I felt that, with this novel, McDermott has tried really hard to get across a modern-day character that he perhaps feels represents a young writer and his attitude to love and relationships. I felt that McDermott portrays here a central character in Ed, (is the one syllable away from 'Ted' a co-incidence?) that he feels very close to and that comes across in the vivid descriptive prose of his experience. This however means that the other characters in the story seemed rather underdeveloped. In particular, Ed's girlfriend Taylor is a bit like a cardboard character who simply limps along beside Ed. I realise that the story is told through Ed's eyes, but it still felt that the other characters were simply there to prop up his story. We don't really get any feel for why Taylor keeps up a relationship with Ed, as she seems so opposite to him. It also felt that there were too many periphery, quirky characters thrown into the narrative at times, which were not necessary or, if they were relevant to the story, were undeveloped. I think that perhaps McDermott is trying to build a picture of a group of slightly dysfunctional young people hanging out together, taking drugs and not really having grown-up lives. It is hard to imagine that Ed is supposed to be almost 30 in the novel – I would have guessed, with his characterisation, that he was around 20, as he seems very immature.

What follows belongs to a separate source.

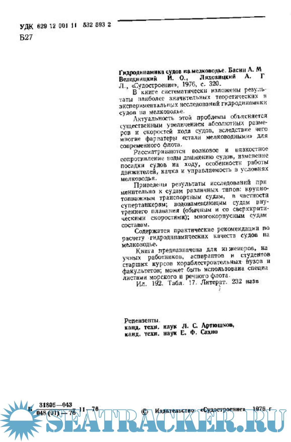 Год выпуска: 1976 Язык: русский Автор: А. Басин, И. Веледницкий, А. Ляховицкий Жанр: Учебное пособие Издательство: Судостроение Формат: PDF Качество: Отсканированные страницы Количество страниц: 159 Описание: В книге систематически изложены результаты наиболее значительных теоретических и экспериментальных исследований гидродинамики судов на мелководье. Рассматриваются волновое и вязкостное сопротивление воды движению судов, изменение посадки судов на ходу, особенности работы движителей, качка и управляемость в условиях мелководья. Содержатся практические рекомендации по расчету гидродинамических качеств судов на мелководье.

Something I found personally not enjoyable in the novel was also the casual way sexual treatment of the women is portrayed. Again, this is perhaps because McDermott really wants us to see the world through Ed's eyes, which, frankly, is a pretty depressing place to be. Maybe this is ultimately why this novel wasn't for me – I found Ed an incredibly unlikeable character without really any redeeming features.
On the positive side, McDermott creates a fast-paced narrative with elements of humour. There are some nice bits of description and ironic comment: The tumour was like the millions of children starving in Africa: too alarming to think about. The setting of Montana is vivid and there's a real feeling of hopelessness that McDermott portrays through some of the small-town scenes. The book is written in a modernist prose which I like, and I think it has potential. Perhaps these characters will resonate with a certain group of readers who are closer to the experience portrayed, as McDermott himself may be. It just wasn't for me.
Further reading: The Shock of the Fall by Nathan Filer
You can read more book reviews or buy The Minor Outsider by Ted McDermott at Amazon.co.uk Amazon currently charges £2.99 for standard delivery for orders under £20, over which delivery is free.
You can read more book reviews or buy The Minor Outsider by Ted McDermott at Amazon.com.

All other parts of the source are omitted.